▶ Task description
Only an exact repeat of the listing, without its images, counts as the answer.

──────── Supplied records

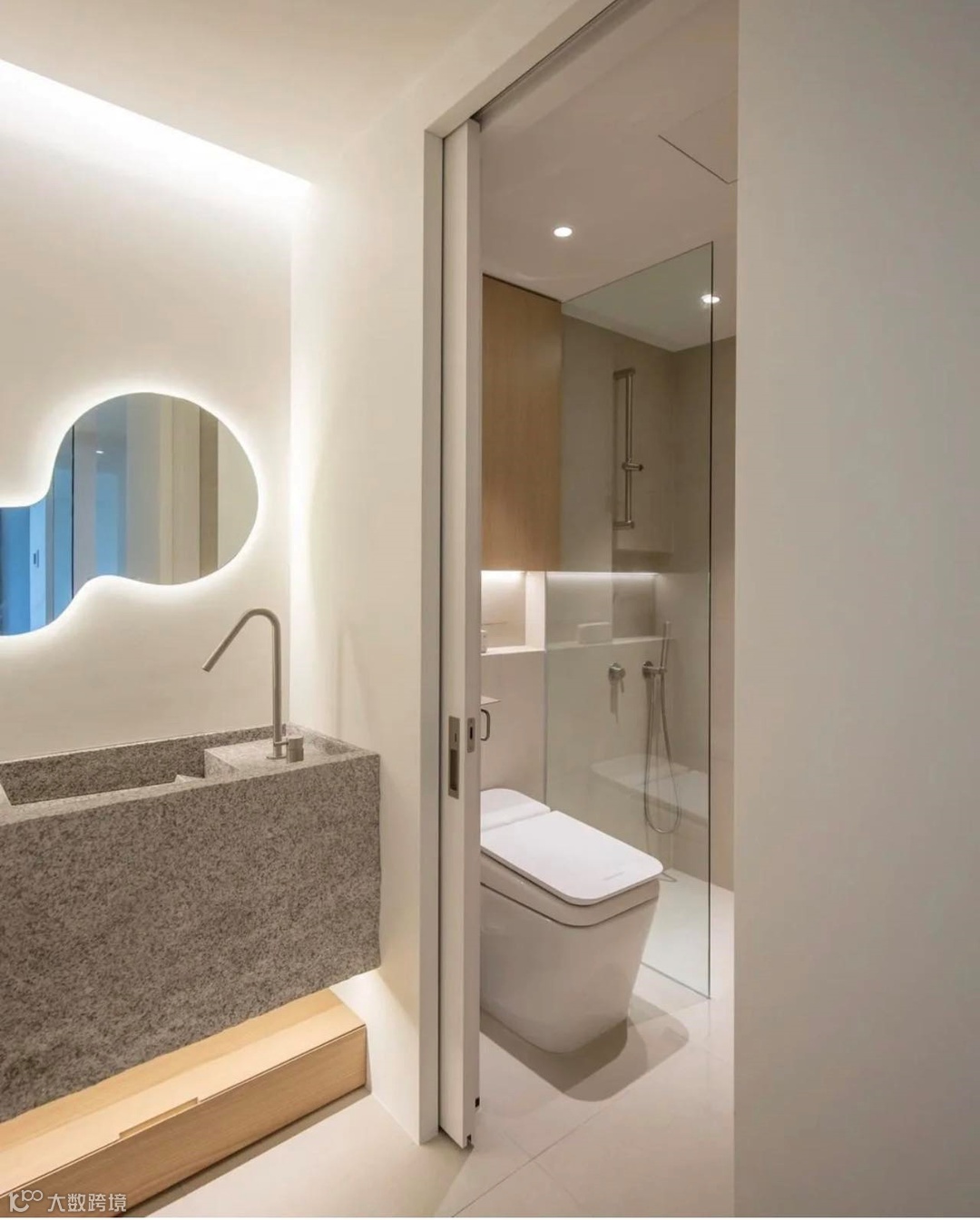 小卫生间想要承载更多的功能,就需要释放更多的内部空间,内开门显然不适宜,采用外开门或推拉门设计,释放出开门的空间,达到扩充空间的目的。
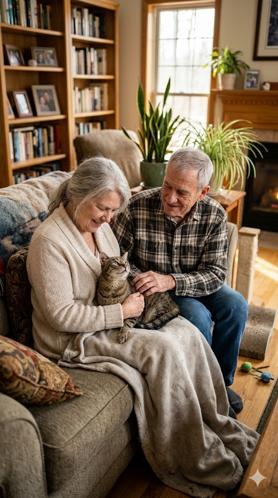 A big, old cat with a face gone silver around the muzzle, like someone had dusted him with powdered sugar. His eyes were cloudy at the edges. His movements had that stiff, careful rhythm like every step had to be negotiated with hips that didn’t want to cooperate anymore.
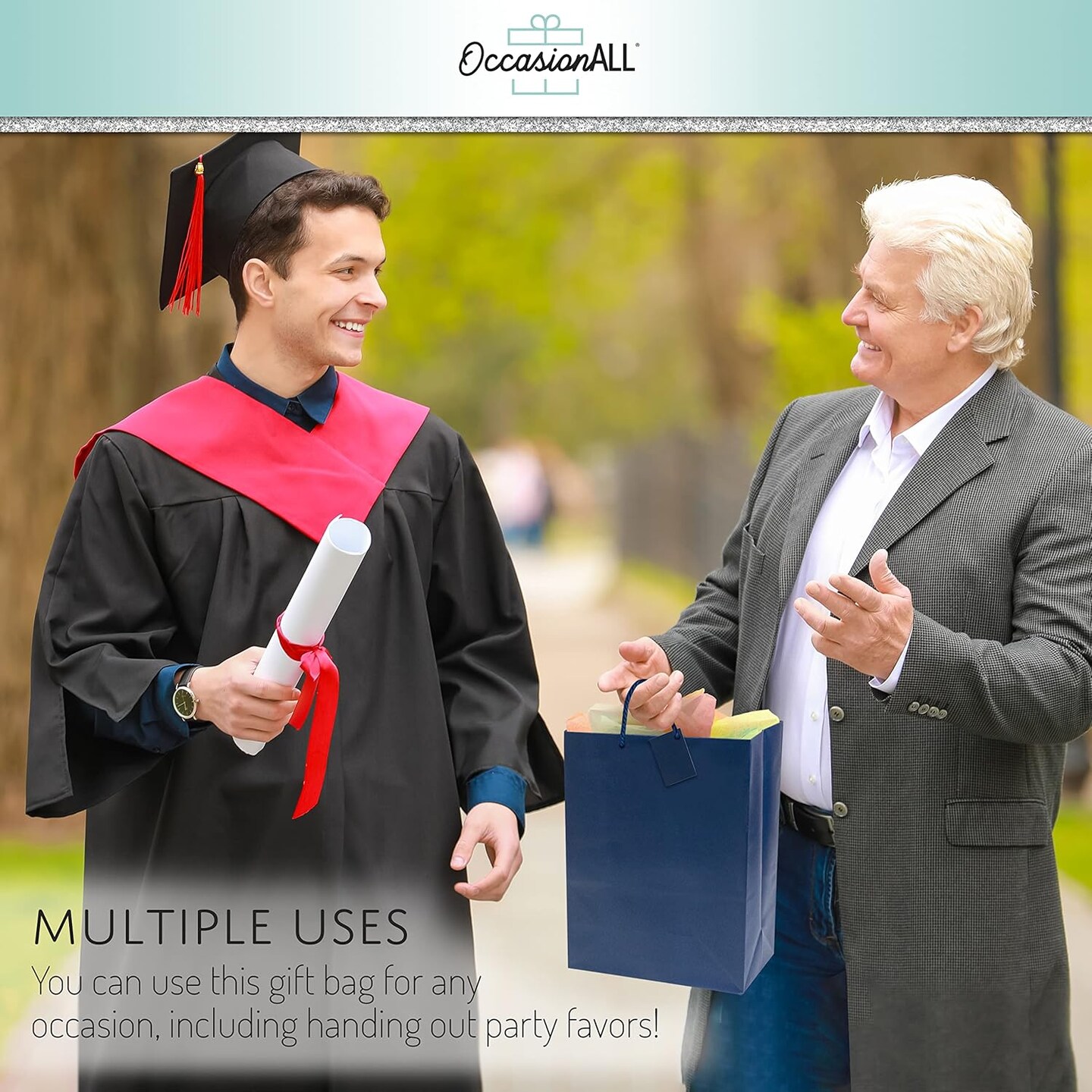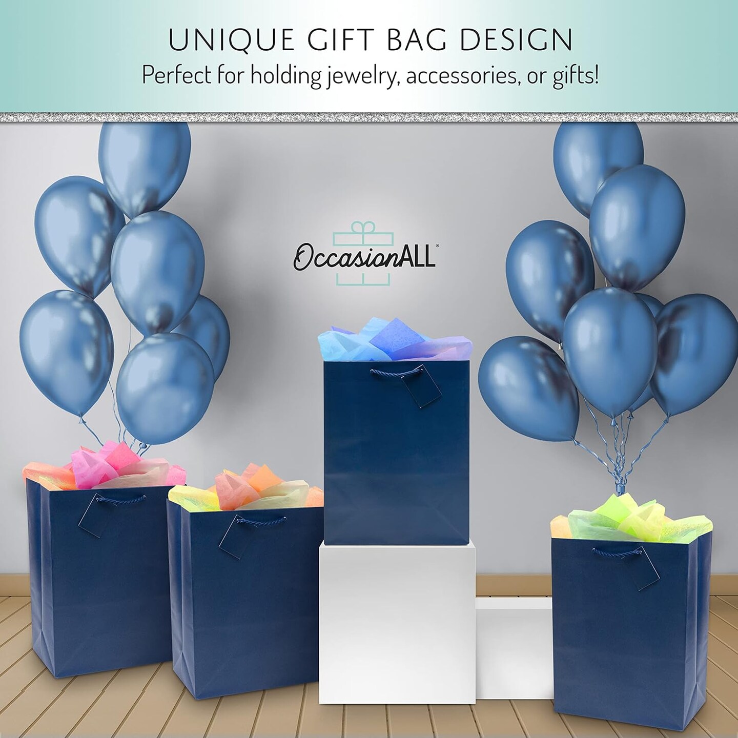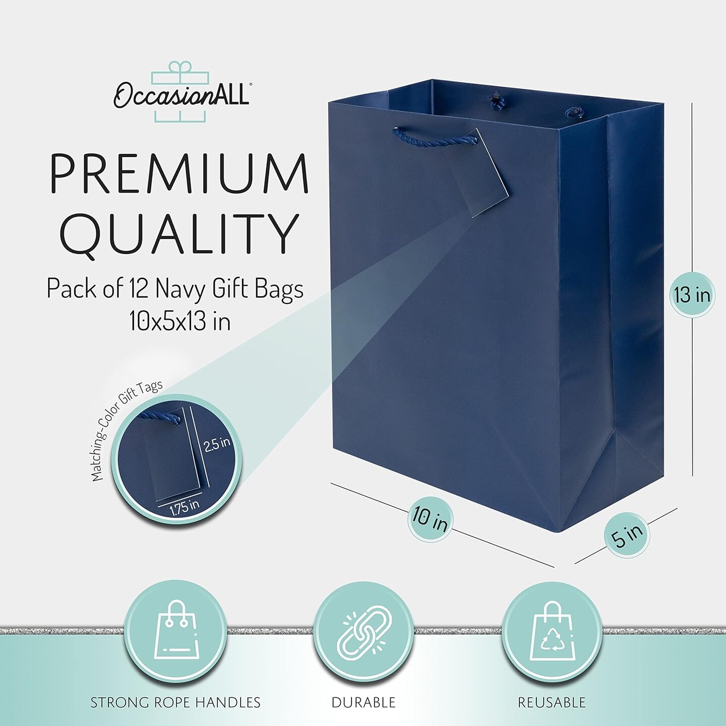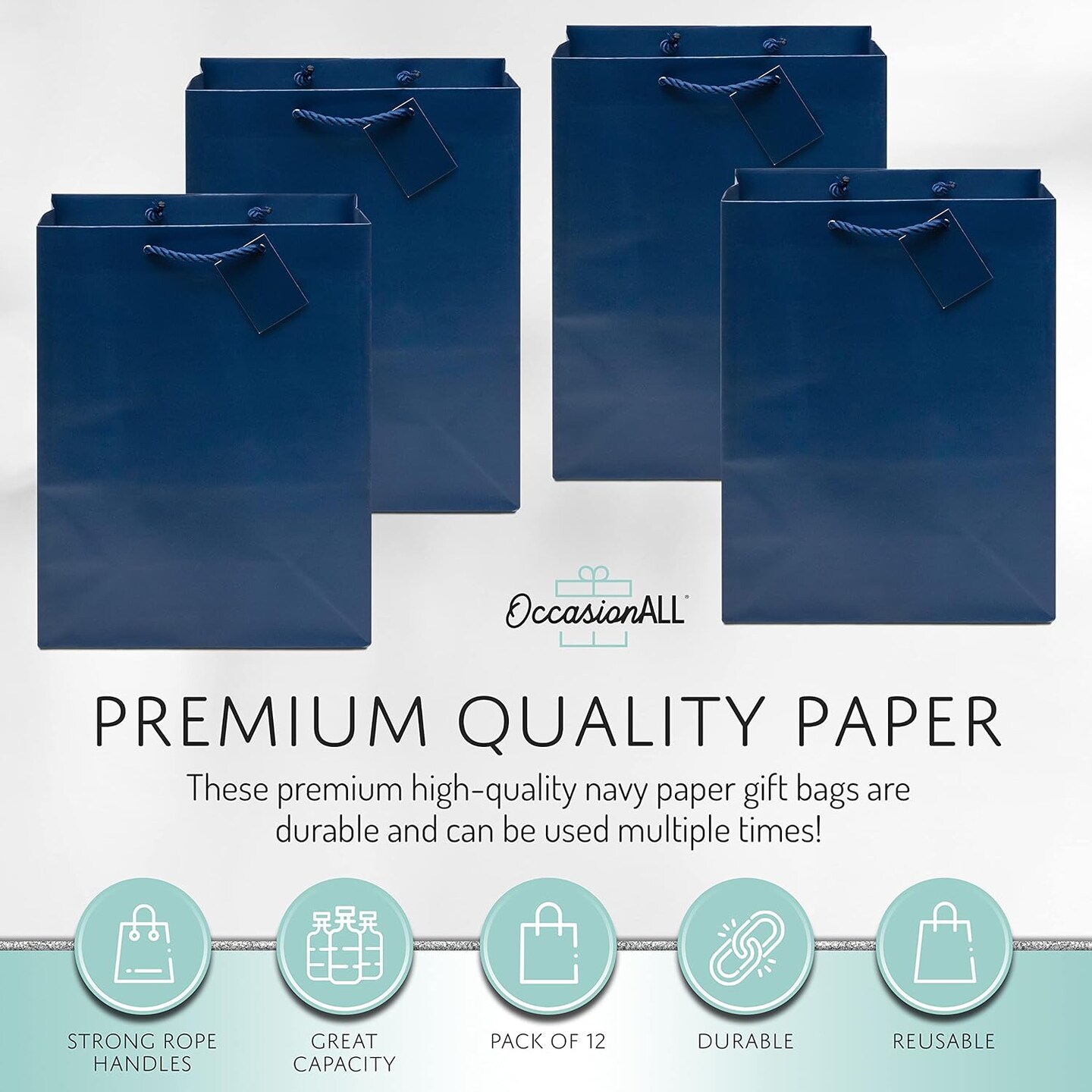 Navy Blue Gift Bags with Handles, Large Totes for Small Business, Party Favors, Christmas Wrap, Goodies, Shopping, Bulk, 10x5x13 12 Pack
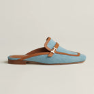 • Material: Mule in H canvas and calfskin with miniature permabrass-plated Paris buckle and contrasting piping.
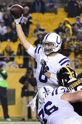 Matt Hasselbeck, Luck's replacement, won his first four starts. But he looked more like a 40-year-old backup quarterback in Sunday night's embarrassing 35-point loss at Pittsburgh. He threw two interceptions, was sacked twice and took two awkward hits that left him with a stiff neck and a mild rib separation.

────────────────

▶ Solution to this problem
 小卫生间想要承载更多的功能,就需要释放更多的内部空间,内开门显然不适宜,采用外开门或推拉门设计,释放出开门的空间,达到扩充空间的目的。
 A big, old cat with a face gone silver around the muzzle, like someone had dusted him with powdered sugar. His eyes were cloudy at the edges. His movements had that stiff, careful rhythm like every step had to be negotiated with hips that didn’t want to cooperate anymore.
 Navy Blue Gift Bags with Handles, Large Totes for Small Business, Party Favors, Christmas Wrap, Goodies, Shopping, Bulk, 10x5x13 12 Pack
 • Material: Mule in H canvas and calfskin with miniature permabrass-plated Paris buckle and contrasting piping.
 Matt Hasselbeck, Luck's replacement, won his first four starts. But he looked more like a 40-year-old backup quarterback in Sunday night's embarrassing 35-point loss at Pittsburgh. He threw two interceptions, was sacked twice and took two awkward hits that left him with a stiff neck and a mild rib separation.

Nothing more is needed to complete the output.